The share purchase agreement for shares in a Polish sp. z o.o. must comply with specific legal and procedural requirements under Polish law, particularly the Polish Commercial Companies Code. It must be concluded in writing with notarized signatures or in the form of a notarial deed. This is a mandatory legal requirement under Article 180 § 1 of the Polish Commercial Companies Code.
Below is a brief overview of how such an agreement should look like:
Key content and structure of the share purchase agreement:
Subject of the agreement
- Number and nominal value of shares being sold.
- Total purchase price for the shares and payment terms (e.g., full payment upon signing or installments).
- Declaration that the shares are free from encumbrances and legal defects.
Consent and preemptive rights
- Confirmation that the company’s consent to the share transfer has been obtained if required by the company's articles of association or statutory provisions.
- Description of the procedure followed to obtain the company’s consent, including which corporate body gave the consent (management board, shareholders’ meeting, etc.) and any resolution references.
- Statement regarding the right of first refusal (preemption right) of existing shareholders, if applicable, and how it was exercised or waived.
Transfer of title
- Specification of the moment when ownership of the shares is transferred to the buyer (e.g., upon signing or after full payment).
Representations and warranties
- Seller’s warranties about the company’s financial and legal status, including absence of liabilities, ongoing proceedings, or arrears related to the company.
- Buyer’s declaration of awareness of the company’s articles of association and acceptance of rights and obligations as a shareholder.
Post-closing obligations
- Obligation of the buyer to notify the company of the share transfer in writing and provide proof of the transaction (agreement and payment confirmation), as required by Article 187 of the Commercial Companies Code.
- Notification is crucial because the Buyer can exercise shareholder rights only after the company is notified of the transfer.
Governing law and dispute resolution
- Reference to the applicable law (Polish law) and dispute resolution mechanisms, often arbitration or court jurisdiction.
Signatures
- Notarized signatures of both the seller and the buyer, as required by law.
Verification of the ownership tile to shares
In a Polish limited company, it is absolutely necessary to check who the owner of the shares is because the company’s articles of association often include provisions regulating the transfer of shares, including the requirement to obtain the company’s consent before shares can be sold or transferred.
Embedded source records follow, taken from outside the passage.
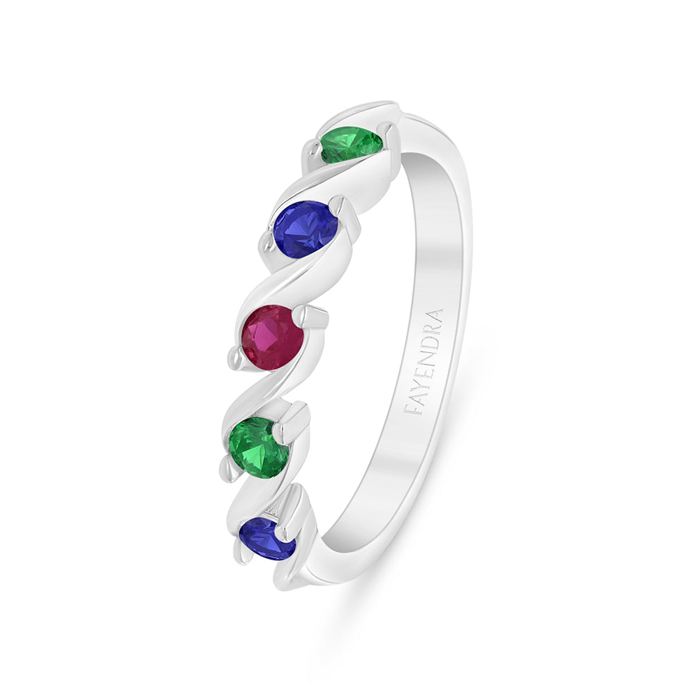 خاتم من الفضة الخالصة عيار 925 مطلي روديوم مرصع زركون ملون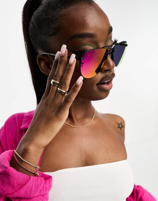 Quay The Playa Aviator zonnebril in zwart roze ASOS
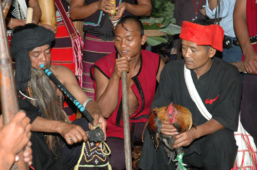 木鼓是佤族的象征,是佤族人民崇拜的神圣之物。他們認為,木鼓是 “通神之器”、“通天之鼓”, “生命靠水,興旺靠木鼓”。因此,平時不能亂動,只有祭祀報警和節日喜慶等重大集體活動時才能敲打。由于木鼓的這種神圣地位與作用,“拉木鼓”便成為佤族極為隆重、盛大的宗教祭祀活動。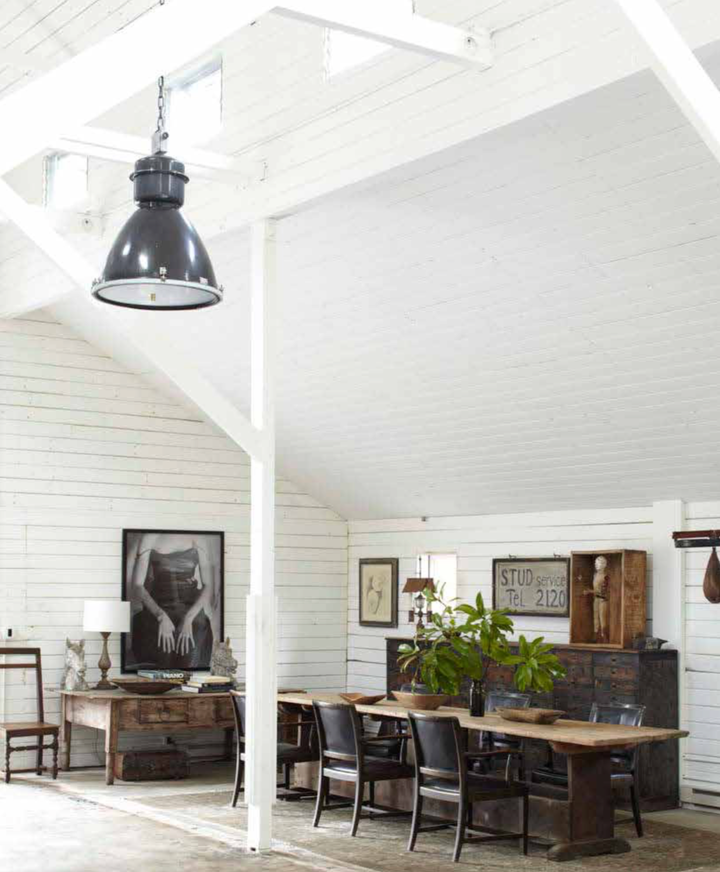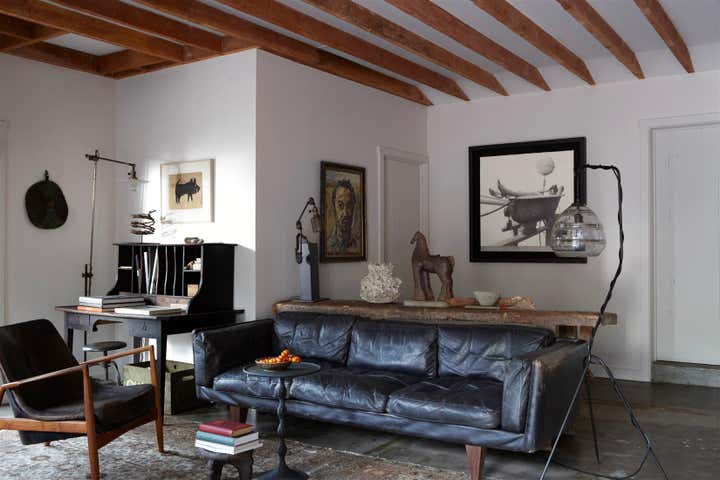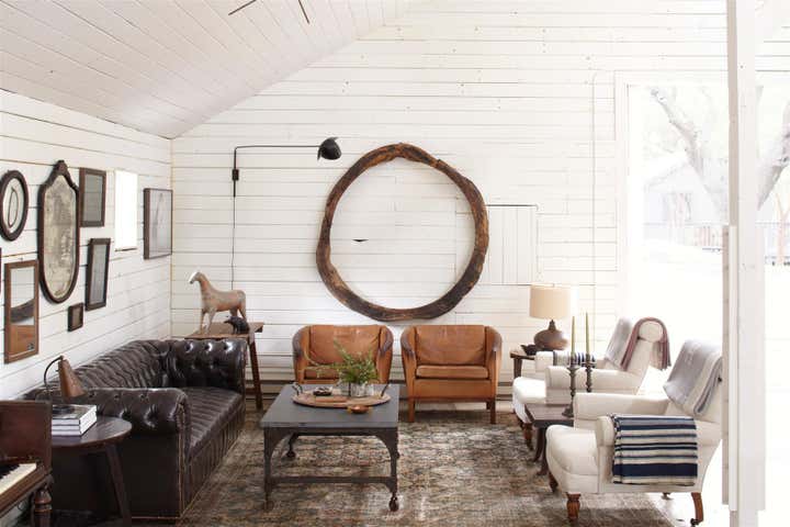 The Ranch, a twenty-six acre property just north of Los Angeles, features eight separate structures dating back to the 1920s surrounded by oak trees and trails. Each existing structure has been re-interpreted in function and design. A barn, the hub and heart of the property, presents a tranquil and stimulating space to dine, entertain, to paint or play the vintage American upright piano. Another cabin, built from the ground up to compliment the existing structures and landscape, by Jay Holman, is used as a master suite. Gijs Bakkers stacking chairs are arranged around a nineteenth-century oval table and sit atop a nineteenth-century Swedish rug in the open kitchen area. The Ranch is a retreat to simple living amongst beloved antique and design collections, surrounded by nature.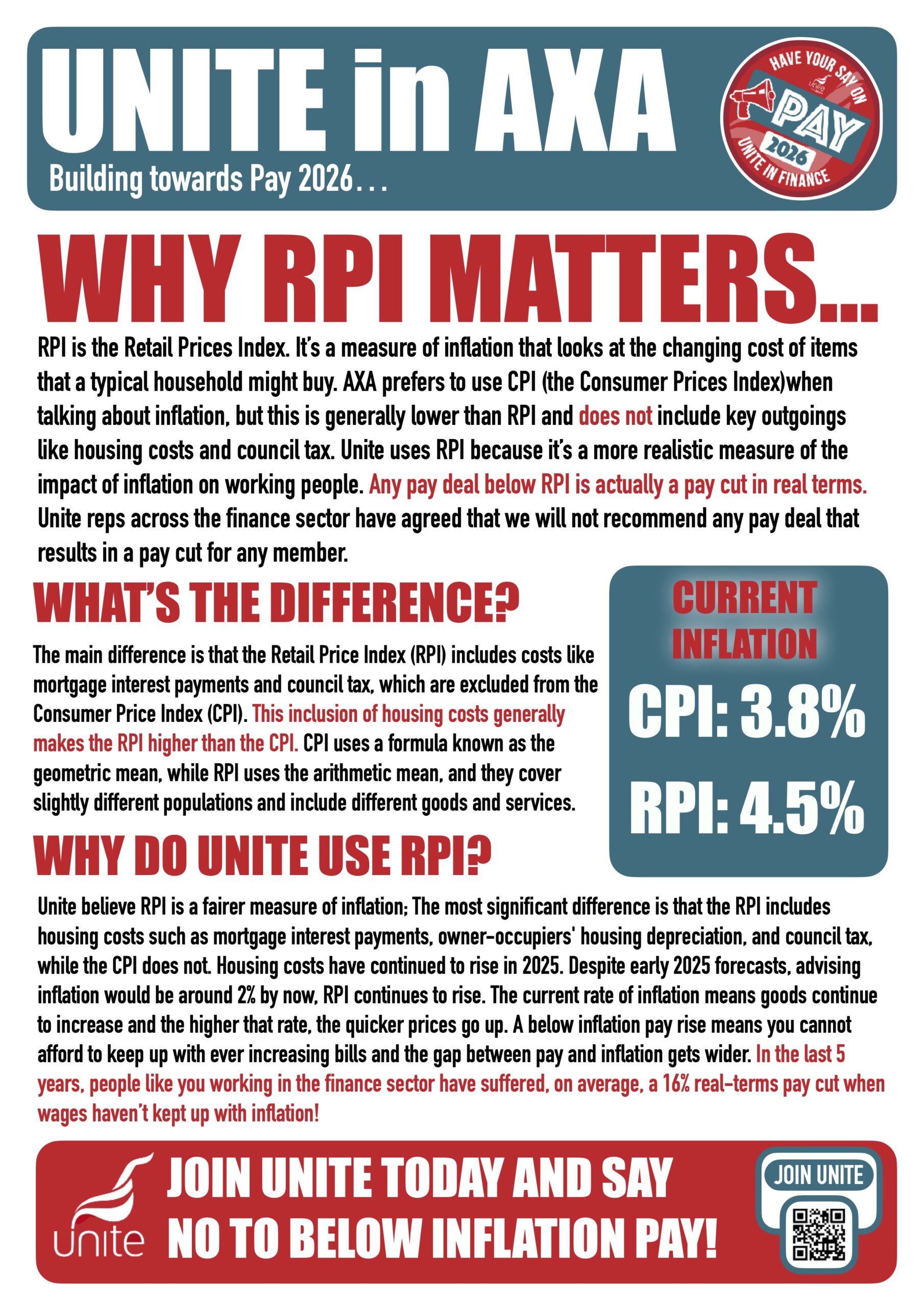 - The 2023 pay budget has been negotiated by AXA and Unite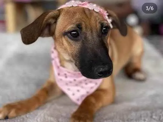 Pelagem curta cor caramelo carinha preta, muito carinhosa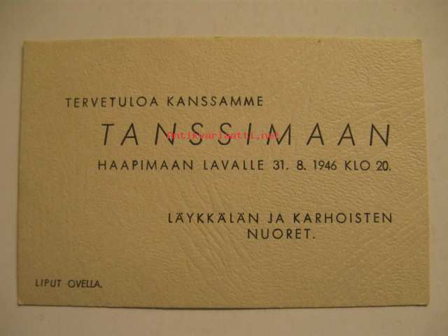Tervetuloa kanssamme tanssimaan Haapimaan lavalle 31.8.1946 Läykkälän ja Karhoisten nuoret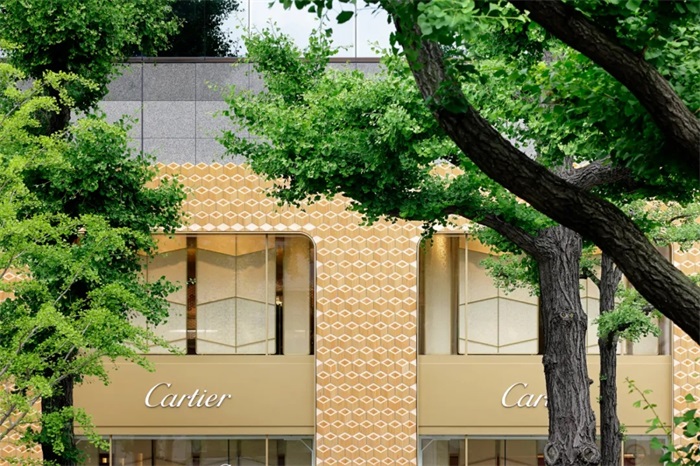 卡地亚新店,坐落于大阪高端商业零售街区,心斋桥商圈的街角,与苹果、耐克及巴宝莉店铺的金属与玻璃立面对角而望。Klein Dytham architecture事务所为卡地亚店铺打造了全新的三维木制立面,给人以温暖且亲密的感受。

This consent process involves notifying the company and potentially other shareholders, who may have preemption rights (rights of first refusal) to buy the shares before they are transferred to a third party.
To accurately determine who owns shares in a Polish limited company, one should:
- Review all share transfer documents to confirm validity and effectiveness.
- Check the National Court Register for registered shareholders but verify with internal company records.
- Ensure that any share transfers comply with legal formalities and have been properly registered.
Conclusion
Buying shares in a Polish limited company is generally straightforward but involves complexities that require specialized legal expertise. The main challenge lies in verifying the legal title to the shares, which demands a thorough review of the entire history of share transfers to ensure compliance with all formal requirements and the company's consent procedures.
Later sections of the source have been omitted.